— EXERCISE GOAL —
Could you set down only the lines from the one including "お好きな原石を選んで、お好き" to the end of the records below, inclusive and exact, leaving pictures out?

┌──

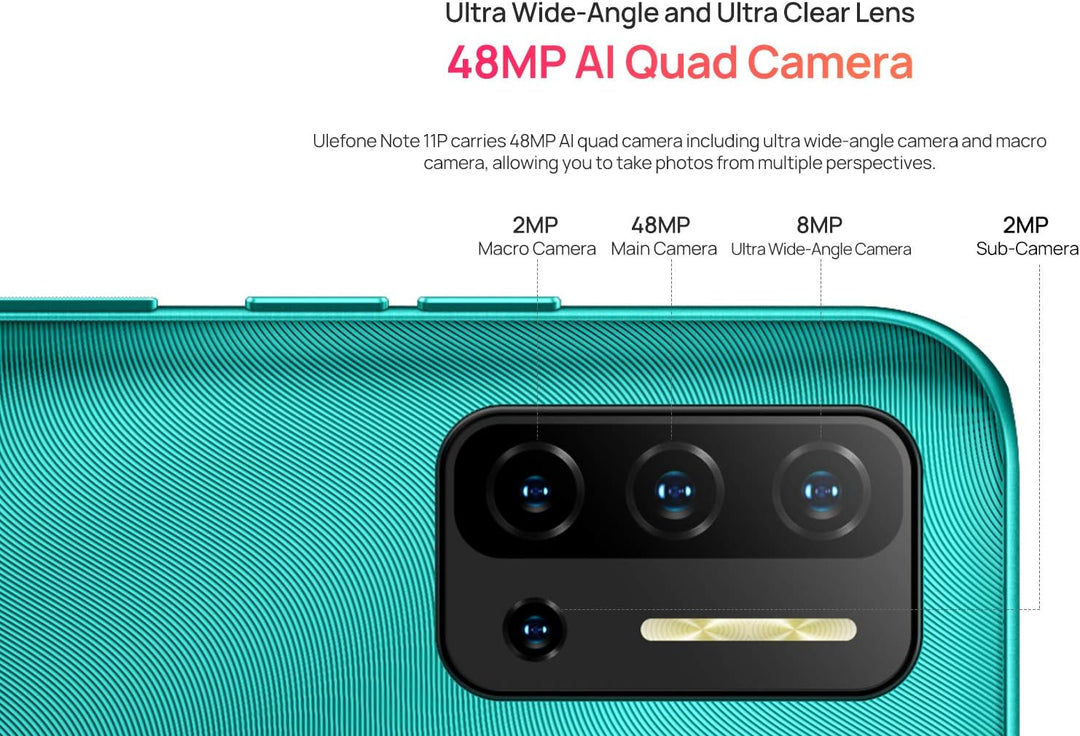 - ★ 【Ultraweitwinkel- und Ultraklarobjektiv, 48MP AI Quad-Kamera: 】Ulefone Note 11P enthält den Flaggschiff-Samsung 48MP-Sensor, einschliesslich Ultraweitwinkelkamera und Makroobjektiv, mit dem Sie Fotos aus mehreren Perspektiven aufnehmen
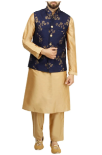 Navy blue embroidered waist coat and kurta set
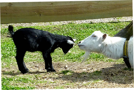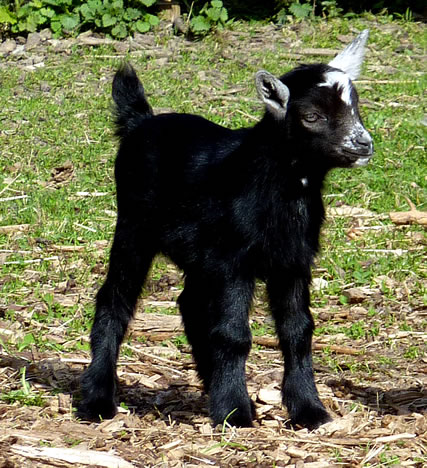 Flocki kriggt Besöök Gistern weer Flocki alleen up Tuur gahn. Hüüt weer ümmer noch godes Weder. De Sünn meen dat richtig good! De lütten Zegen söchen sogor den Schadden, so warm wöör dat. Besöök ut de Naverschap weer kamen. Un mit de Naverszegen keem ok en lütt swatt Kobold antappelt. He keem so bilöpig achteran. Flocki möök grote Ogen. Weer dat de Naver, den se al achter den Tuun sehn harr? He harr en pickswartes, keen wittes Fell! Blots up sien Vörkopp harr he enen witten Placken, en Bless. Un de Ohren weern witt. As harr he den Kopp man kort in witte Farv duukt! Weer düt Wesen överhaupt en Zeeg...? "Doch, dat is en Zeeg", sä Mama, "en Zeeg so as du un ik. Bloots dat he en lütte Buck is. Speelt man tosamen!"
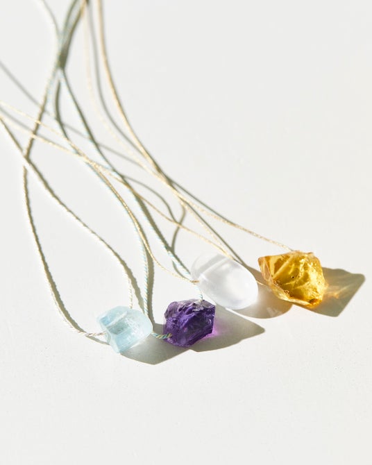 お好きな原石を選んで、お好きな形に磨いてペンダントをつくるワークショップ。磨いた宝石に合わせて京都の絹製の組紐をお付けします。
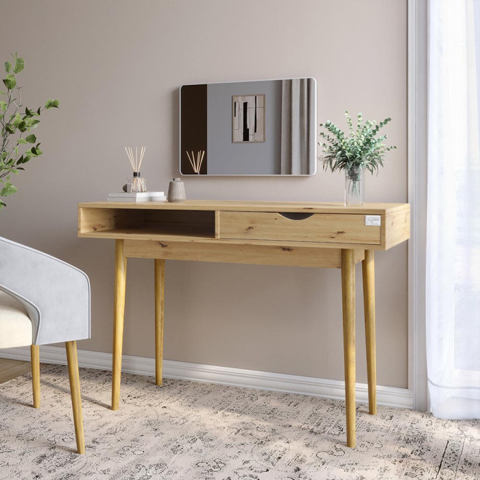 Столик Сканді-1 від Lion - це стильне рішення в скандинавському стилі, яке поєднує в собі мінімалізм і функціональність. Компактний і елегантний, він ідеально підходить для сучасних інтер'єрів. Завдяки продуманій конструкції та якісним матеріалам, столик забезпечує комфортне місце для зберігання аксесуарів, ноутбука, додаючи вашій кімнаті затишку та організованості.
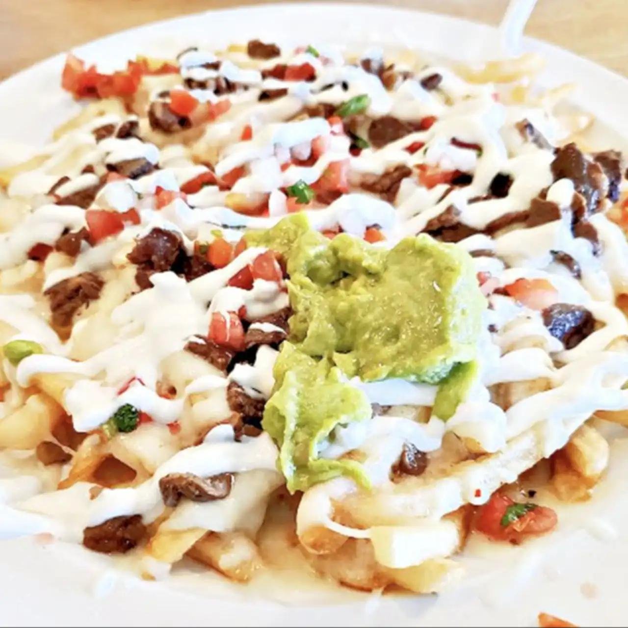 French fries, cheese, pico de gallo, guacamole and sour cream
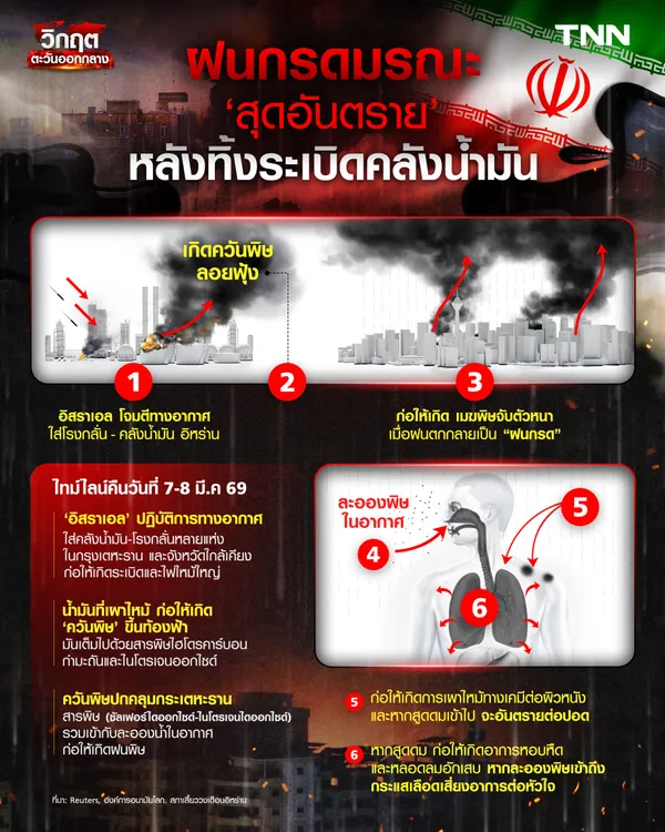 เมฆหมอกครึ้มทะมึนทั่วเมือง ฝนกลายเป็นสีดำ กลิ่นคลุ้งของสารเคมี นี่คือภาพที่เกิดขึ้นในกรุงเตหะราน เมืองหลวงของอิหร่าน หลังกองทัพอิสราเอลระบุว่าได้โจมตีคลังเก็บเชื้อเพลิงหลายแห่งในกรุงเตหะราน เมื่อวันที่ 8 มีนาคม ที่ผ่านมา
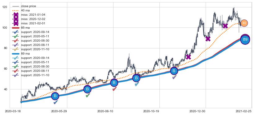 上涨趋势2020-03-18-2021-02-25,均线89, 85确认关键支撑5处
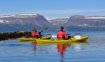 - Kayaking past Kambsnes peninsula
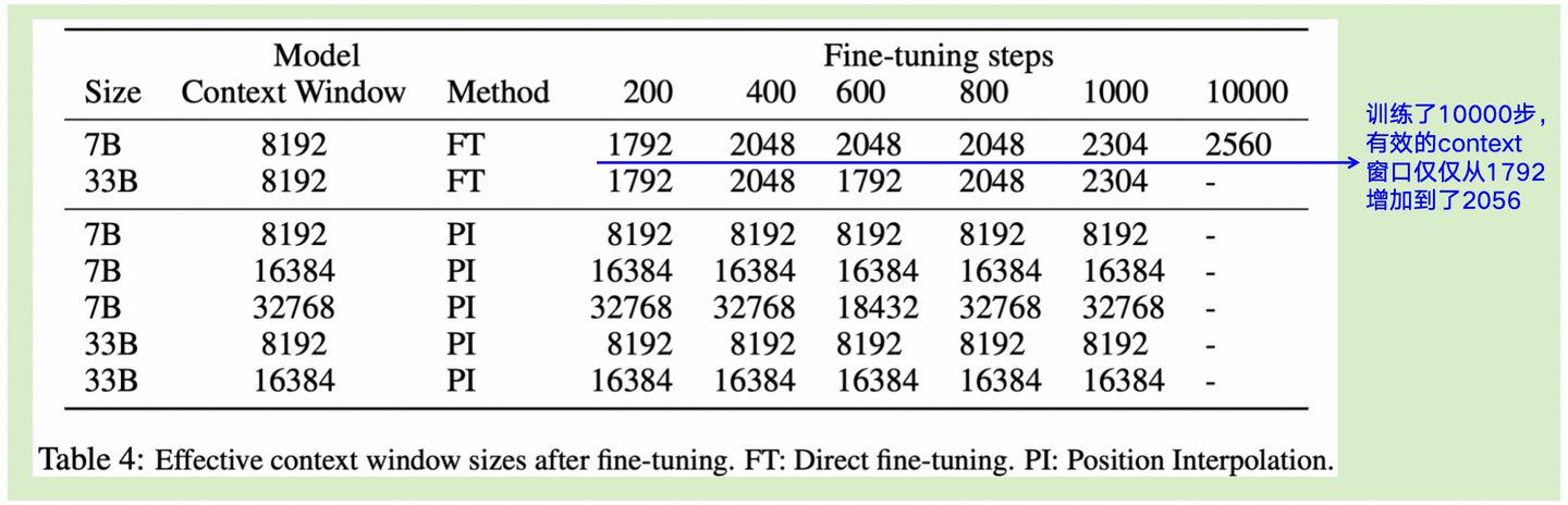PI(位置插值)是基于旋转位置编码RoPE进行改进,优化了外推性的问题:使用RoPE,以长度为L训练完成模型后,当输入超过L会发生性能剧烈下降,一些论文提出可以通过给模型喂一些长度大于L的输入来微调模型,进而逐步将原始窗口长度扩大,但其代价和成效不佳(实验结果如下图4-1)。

└──

— SOLUTION FOR THIS EXERCISE —
 お好きな原石を選んで、お好きな形に磨いてペンダントをつくるワークショップ。磨いた宝石に合わせて京都の絹製の組紐をお付けします。
 Столик Сканді-1 від Lion - це стильне рішення в скандинавському стилі, яке поєднує в собі мінімалізм і функціональність. Компактний і елегантний, він ідеально підходить для сучасних інтер'єрів. Завдяки продуманій конструкції та якісним матеріалам, столик забезпечує комфортне місце для зберігання аксесуарів, ноутбука, додаючи вашій кімнаті затишку та організованості.
 French fries, cheese, pico de gallo, guacamole and sour cream
 เมฆหมอกครึ้มทะมึนทั่วเมือง ฝนกลายเป็นสีดำ กลิ่นคลุ้งของสารเคมี นี่คือภาพที่เกิดขึ้นในกรุงเตหะราน เมืองหลวงของอิหร่าน หลังกองทัพอิสราเอลระบุว่าได้โจมตีคลังเก็บเชื้อเพลิงหลายแห่งในกรุงเตหะราน เมื่อวันที่ 8 มีนาคม ที่ผ่านมา
 上涨趋势2020-03-18-2021-02-25,均线89, 85确认关键支撑5处
 - Kayaking past Kambsnes peninsula
PI(位置插值)是基于旋转位置编码RoPE进行改进,优化了外推性的问题:使用RoPE,以长度为L训练完成模型后,当输入超过L会发生性能剧烈下降,一些论文提出可以通过给模型喂一些长度大于L的输入来微调模型,进而逐步将原始窗口长度扩大,但其代价和成效不佳(实验结果如下图4-1)。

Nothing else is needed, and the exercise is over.